Art History: Stained Glass in the English Cathedrals
Part of the stunning experience in entering our cathedrals is the colour and imagery of the stained glass, medieval through to modern. We will examine outstanding examples of this glass to see how it was made and how it related to the architecture for which it was designed.
To enable course members to recognise the key stages of development in the use of glass in the English cathedrals, from the medieval to the modern.
Who is the course for?
The course will be taught at Level 3 but there are no specific requirements apart from an interest and enthusiasm for art and architecture.
What topics will this course cover
We will investigate the development of the materials and methods used in making stained glass, and then trace the forms of glass in the English cathedrals from the twelfth and thirteenth centuries (for example the Miracle Windows in Thomas Becket's shrine chapel at Canterbury) through into the late Gothic period (for example the Great East Window in York Minster). We will then look at the development of painted glass from the sixteenth century, the great nineteenth century revival in glass manufacture and finally at the extraordinarily varied use of modern glass in these great churches.
What will it be like?
WEA classes are friendly and supportive. You will be encouraged to work together with your fellow students and tutor. You will be asked to share your ideas and views in the class and work with the group to give and accept feedback in a supportive environment. The WEA tutor will use a range of different teaching and learning methods and encourage you to be actively involved in your learning. You may be asked to undertake work to support your course outside of your class.
By the end of the course I should be able to:
1. Recognise the key periods and forms of stained glass in the English cathedrals. 2. Understand the use of materials and the methods of production of glass used in the cathedrals.

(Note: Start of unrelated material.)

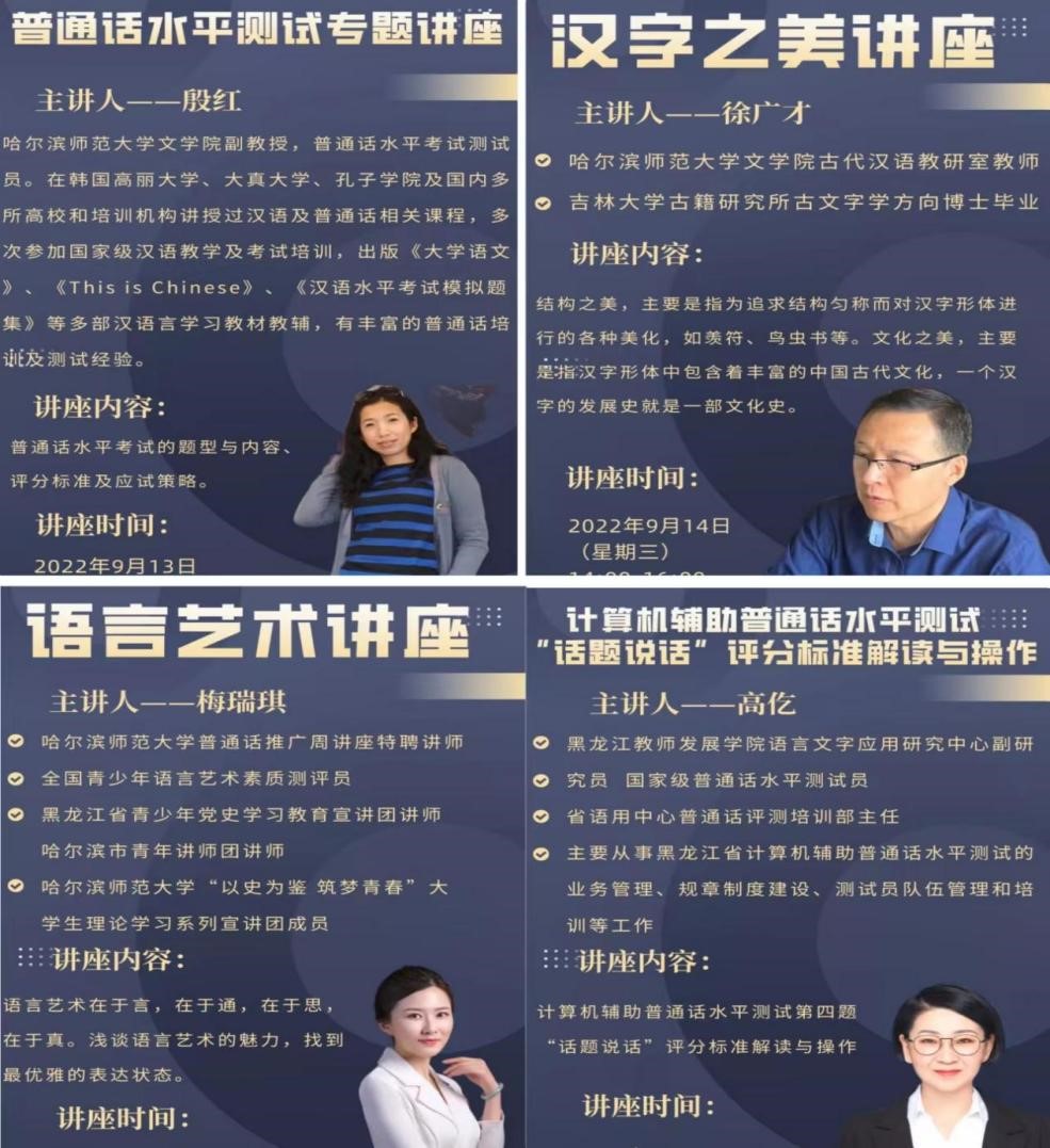 活动期间,邀请文学院副教授殷红老师、文学院古代汉语教研室徐广才老师、哈尔滨市青年讲师团讲师梅瑞琪老师和国家级普通话水平测试员高仡老师为我校学生讲座授课,分为“普通话水平测试专题”、“汉字之美”、“语言艺术”和“计算机辅助普通话水平测试‘话题说话’评分标准解读与操作”四个部分。进一步了解普通话在铸牢中华民族共同体意识、增强对祖国语言文字的深厚感情,坚定讲好普通话的信念,调动广大师生推普学普的积极性,促进语言文字工作向纵深发展,在校内形成浓郁的推普学普氛围。

How will I know I'm making progress?
Your tutor will ask you to take part in group discussion and give you informal feedback, but there are no formal texts or exams.
What else do I need to know, do or bring?
Reading and information sources
These books would make useful background reading, but this is not essential for the appreciation of the course. Virginia Raguin, The History of Stained Glass- the Art of Light, Thames and Hudson Sonia Halliday and Laura Lushington, Stained Glass – The Pitkin Guide, Pitkin
What could the course lead to?
Study visits to see glass and sculpture in the cathedrals, in particular the National Stained Glass Museum in Ely cathedral, and to the Victorian and Albert Museum in London for their collection of stained glass.